To assess your safe growth zone:
- Audit your current bottlenecks.
- Calculate your equipment’s true capacity (downtime included).
- Evaluate how fast your team can absorb new processes.
- Plan growth in phases, with 3-month checkpoints.
Lesson 3: Why Gut Feel Isn’t Enough Anymore
As volumes grow, intuition fades. You can’t rely on gut feeling — you need systems.
Digitization is what lets you react before things break. You’ll need clear data on sales, production, quality, logistics, and procurement — especially if you’re planning to double volumes. And don’t hesitate to involve external auditors to challenge your blind spots.
Start with standardizing:
- Quality control at each stage, tied to KPIs.
- Departmental reporting — who, what, when.
- Supplier workflows — from request to payment.
- Onboarding and upskilling for new hires.
Lesson 4: Don’t Forget the Warehouse
Scaling isn’t just strategy. It’s also space, materials, and machines.
If your warehouse is 100 m² and you want to double output — you’ll need to upgrade or expand. That could mean shelving systems, new forklifts, or new sites altogether.
Suppliers matter too. Our principle: at least two options for every critical input. We operate 24/7 — and when one supplier fails, backups save the day.

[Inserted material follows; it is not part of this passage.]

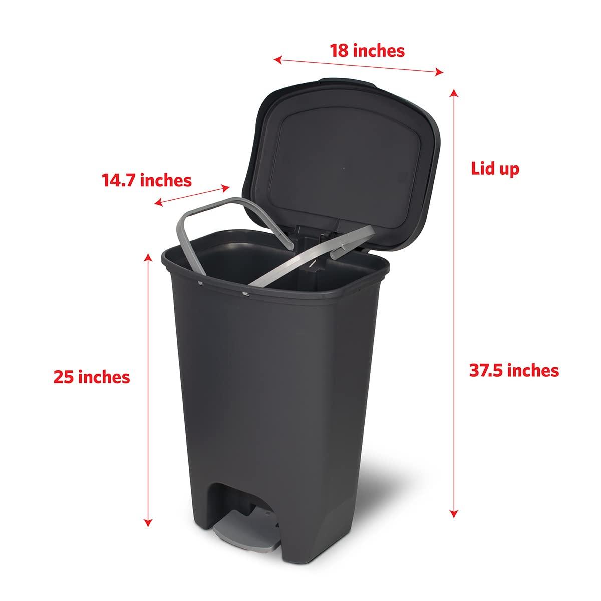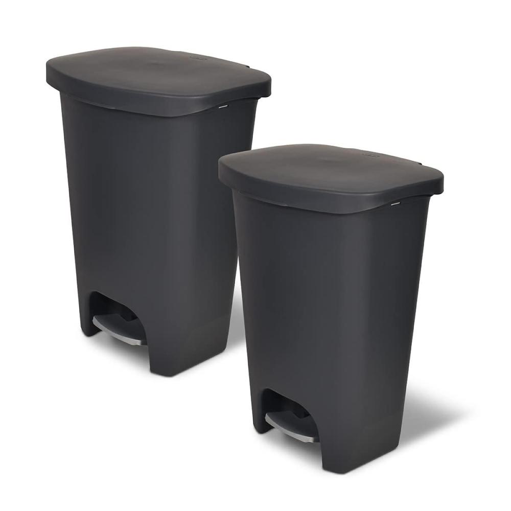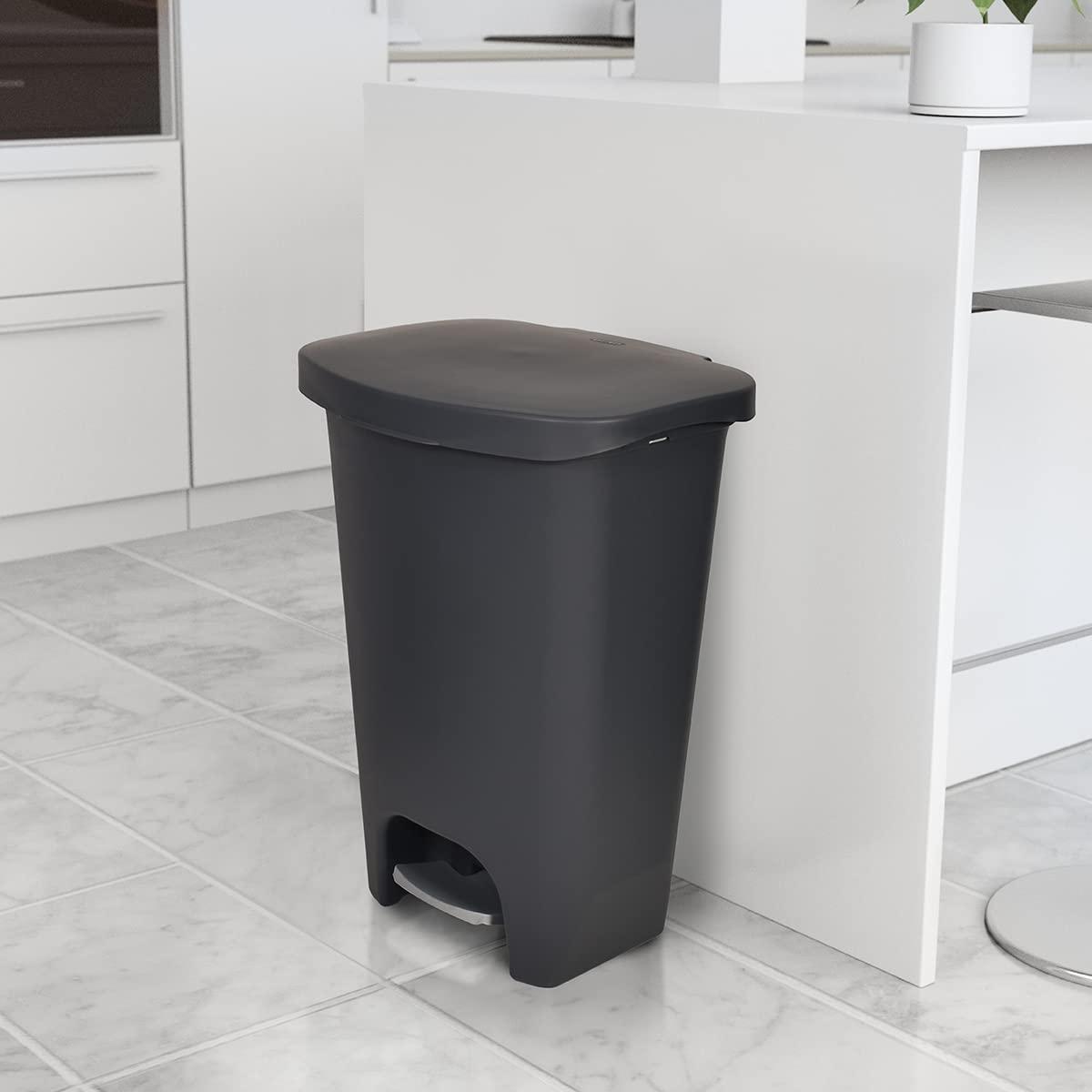 PLASTIC TRASH CAN WITH STEP PEDAL – This kitchen trash can with lid is designed with a foot pedal for hands-free operation. It allows you to throw your trash without having to lift the lid of the can.

Lesson 5: Scaling Sends Signals — If You Listen
Readiness doesn’t happen overnight. In our case, we saw the pressure build over two years. Orders outpaced our capacity, and eventually, we had to choose: grow or fall behind.
We chose to grow.
Checklist: Are You Ready to Scale?
Consistent profit for the last 6 months
Stable order backlog for over 2 months
Team operating at 85–90% capacity without losing quality
At least 80% of processes standardized
Financial buffer to cover 6–9 months of operations
The 5 Scaling Mistakes That Kill Quality
- Trying to scale with the same resources — double the output rarely works on the same budget.
- Ignoring bottlenecks — if it’s already weak, it’ll break under pressure.
- No backups — relying on one supplier, one expert, one line.
- Cutting raw material costs — tempting, but risky.
- Jumping from x1 to x5 — skipping phases leads to collapse, not growth.
Scaling is a rhythm, not a race. And quality is the beat that must never break.